Content starts

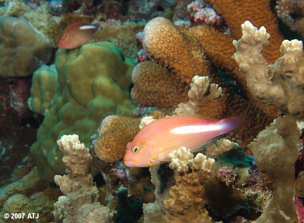 Blackside hawkfish, P. forsteri. 4.7 m. |
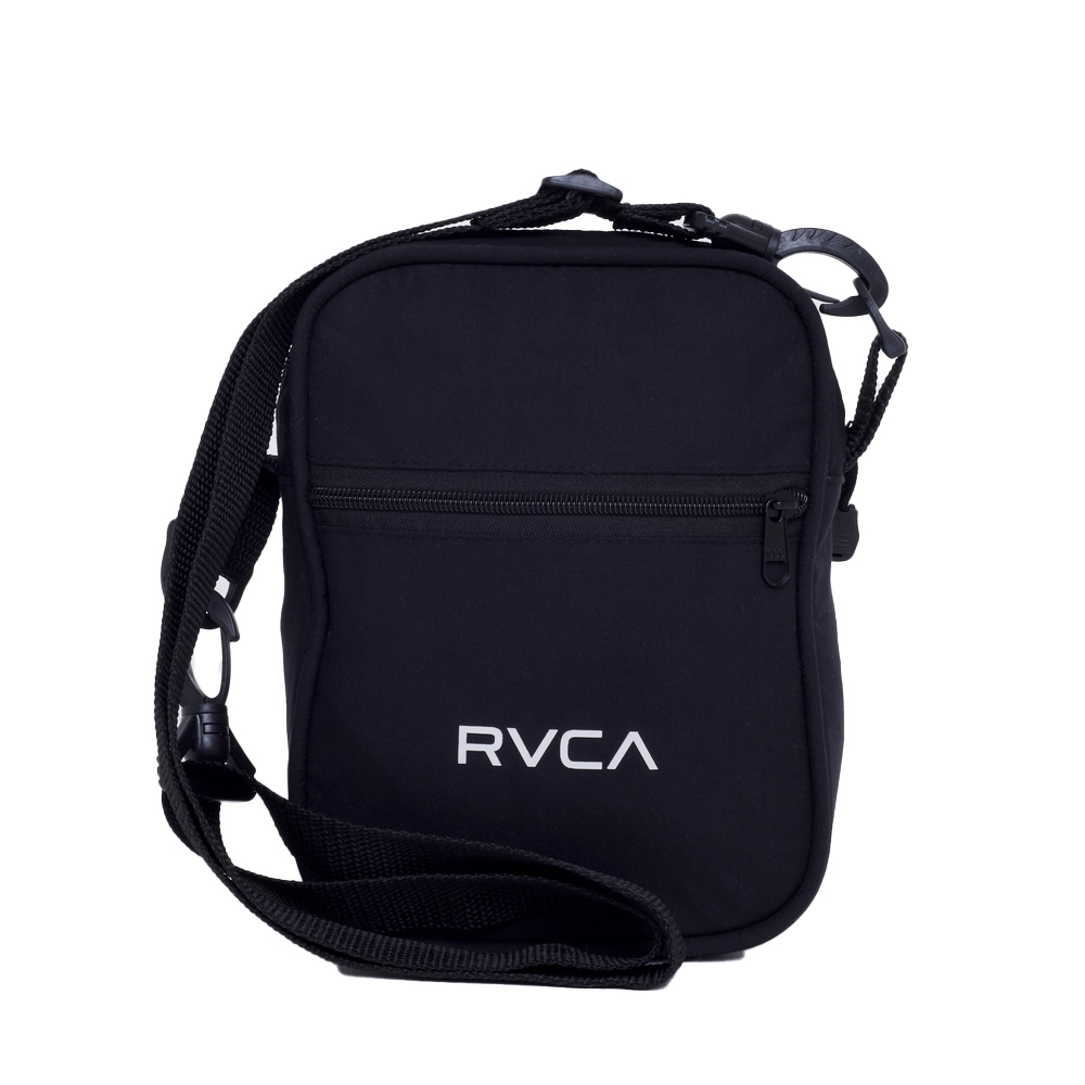 Shoulder Bag Rvca com alça ajustável o que possibilita várias formas de uso, podendo ser usada frente e verso, com personalização em ambos os lados, bolso diagonal com sobreposição de telinha, bolso reto com puxador, compartimento principal com fechamento de zíper e puxador, divisória interna e etiquetas personalizadas.
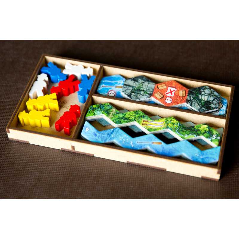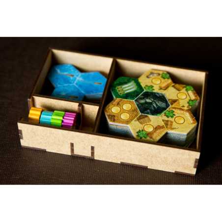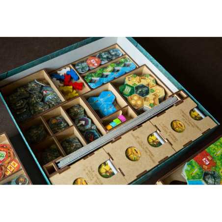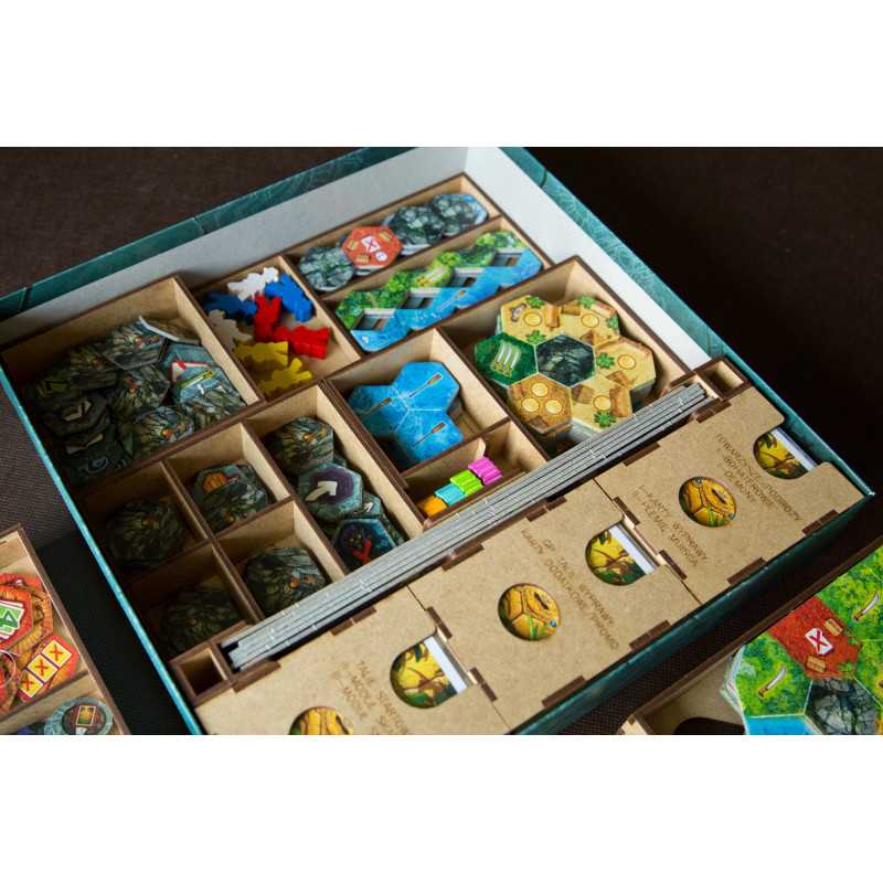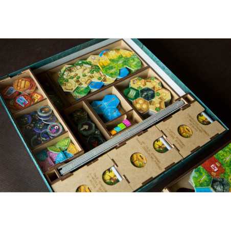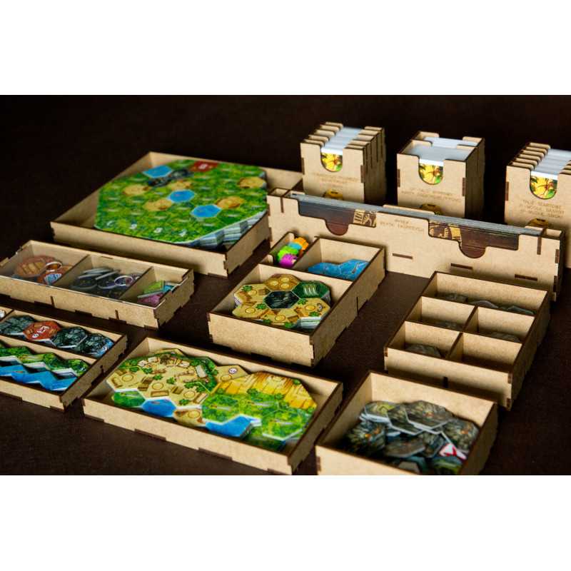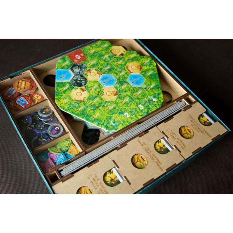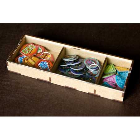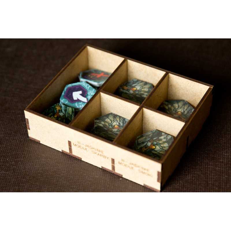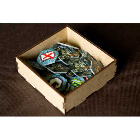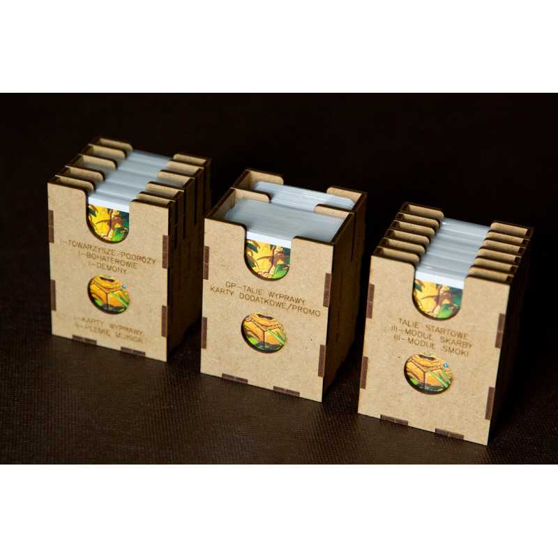 Pojemniki w insercie posiadają grawery ułatwiające posegregowanie elementów. Wierzchnie pojemniki z drobnymi żetonami są zasuwane co pozwala na pionowe przechowywanie pudełka. Pojemniki na karty segregują je wg dodatków i rodzajów. Pojemniki na żetony jaskiń pozwalają na ich rozdzielenie wg dodatków.
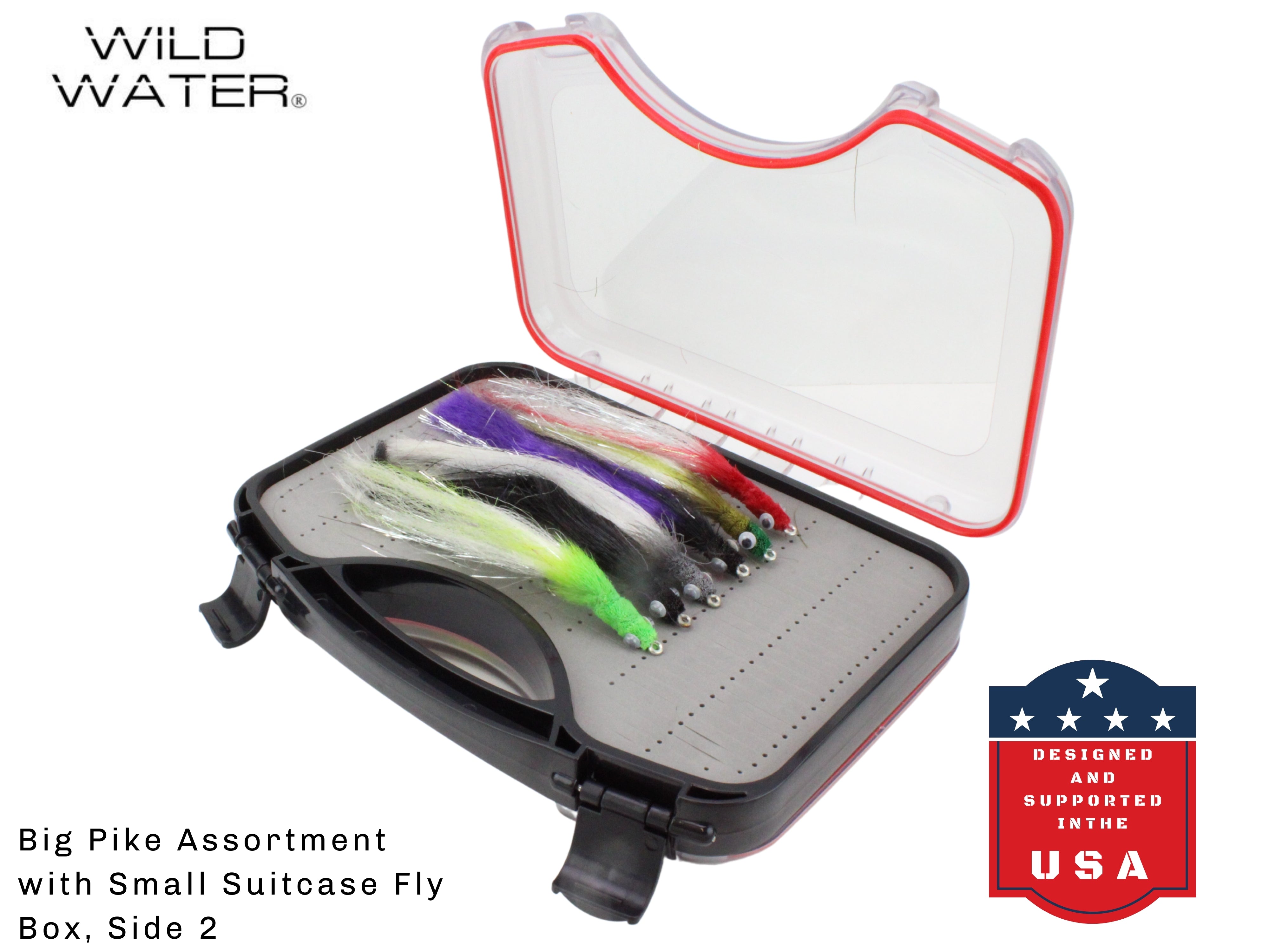 Wild Water Fly Fishing Freshwater/Saltwater Large Fly Assortment is sure to be a favorite of any freshwater or saltwater angler.  Our Small Fly Suitcase will comes with 12 flies in a variety of colors and sizes in two different popular patterns.  Best suited for Pike, Stripers, Red Fish, Tarpon, Bass.
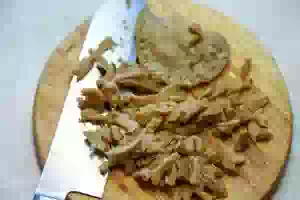 2. Для начинки подойдут любые соленые (или маринованные) грибы. У меня были маринованные грузди. Их надо промыть под проточной холодной водой, откинуть на дуршлаг, чтобы стекла вода, а затем порезать на небольшие кусочки.
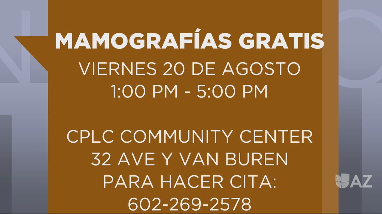 Este viernes se estarán realizando mamografías gratuitas en el centro de CPLC cerca de la Avenida 35 y Van Buren en Phoenix a partir de la una de la tarde. Para agendar una cita puede llamar al 602-269-2578.
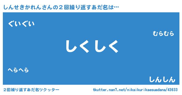 | 意味不明あだ名 | 『住所不定無職しんせきかれん(9歳)』 |
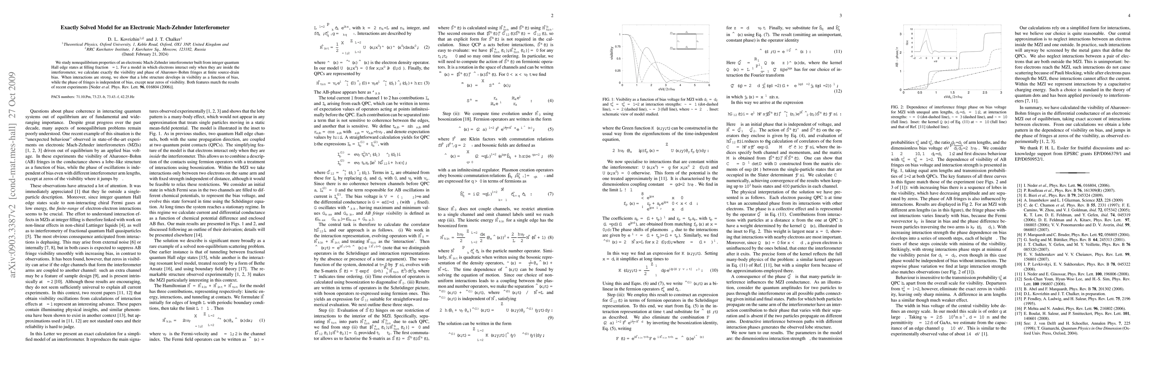 This paper exactly solves a nonequilibrium model of an electronic Mach-Zehnder interferometer, revealing that visibility of Aharonov-Bohm fringes exhibits a lobe structure with strong interactions, while the fringe phase remains bias-independent except near visibility zeros, matching recent experimental findings.

Content ends

=== WORK TASK ===
Omit any images, then output the listing exactly.

=== PROBLEM SOLUTION ===
 Blackside hawkfish, P. forsteri. 4.7 m. |
 Shoulder Bag Rvca com alça ajustável o que possibilita várias formas de uso, podendo ser usada frente e verso, com personalização em ambos os lados, bolso diagonal com sobreposição de telinha, bolso reto com puxador, compartimento principal com fechamento de zíper e puxador, divisória interna e etiquetas personalizadas.
 Pojemniki w insercie posiadają grawery ułatwiające posegregowanie elementów. Wierzchnie pojemniki z drobnymi żetonami są zasuwane co pozwala na pionowe przechowywanie pudełka. Pojemniki na karty segregują je wg dodatków i rodzajów. Pojemniki na żetony jaskiń pozwalają na ich rozdzielenie wg dodatków.
 Wild Water Fly Fishing Freshwater/Saltwater Large Fly Assortment is sure to be a favorite of any freshwater or saltwater angler.  Our Small Fly Suitcase will comes with 12 flies in a variety of colors and sizes in two different popular patterns.  Best suited for Pike, Stripers, Red Fish, Tarpon, Bass.
 2. Для начинки подойдут любые соленые (или маринованные) грибы. У меня были маринованные грузди. Их надо промыть под проточной холодной водой, откинуть на дуршлаг, чтобы стекла вода, а затем порезать на небольшие кусочки.
 Este viernes se estarán realizando mamografías gratuitas en el centro de CPLC cerca de la Avenida 35 y Van Buren en Phoenix a partir de la una de la tarde. Para agendar una cita puede llamar al 602-269-2578.
 | 意味不明あだ名 | 『住所不定無職しんせきかれん(9歳)』 |
 This paper exactly solves a nonequilibrium model of an electronic Mach-Zehnder interferometer, revealing that visibility of Aharonov-Bohm fringes exhibits a lobe structure with strong interactions, while the fringe phase remains bias-independent except near visibility zeros, matching recent experimental findings.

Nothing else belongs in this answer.